§ Dataset extract

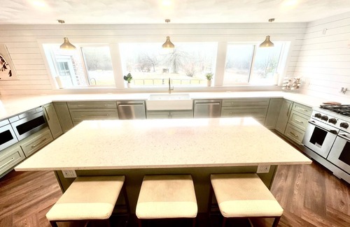 - Huge peninsula and kitchen island with stools, making it the perfect place to gather
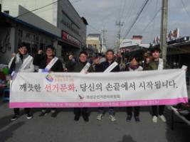 이날 캠페인에서 의성선관위의 직원과 공정선거지원단 등 10여명은 안계공설시장 곳곳을 순회하면서 안계시장을 찾은 상인과 조합원들에게 제2회 전국동시조합장선거에 있어 선거관련금품의 기부행위를 근절하고, 정치후원금 기부를 활성화하자는 내용의 유권자 인식 개선 캠페인을 벌였다.
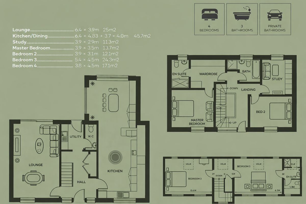 Overall, the layout offers versatile accommodation with four bedrooms, three bathrooms and spacious living areas, making the property perfectly suited for modern family life while maintaining the charm and character expected of a new build property.

§ Task directions
Write out the data word for word, with every picture dropped.

§ Response
 - Huge peninsula and kitchen island with stools, making it the perfect place to gather
 이날 캠페인에서 의성선관위의 직원과 공정선거지원단 등 10여명은 안계공설시장 곳곳을 순회하면서 안계시장을 찾은 상인과 조합원들에게 제2회 전국동시조합장선거에 있어 선거관련금품의 기부행위를 근절하고, 정치후원금 기부를 활성화하자는 내용의 유권자 인식 개선 캠페인을 벌였다.
 Overall, the layout offers versatile accommodation with four bedrooms, three bathrooms and spacious living areas, making the property perfectly suited for modern family life while maintaining the charm and character expected of a new build property.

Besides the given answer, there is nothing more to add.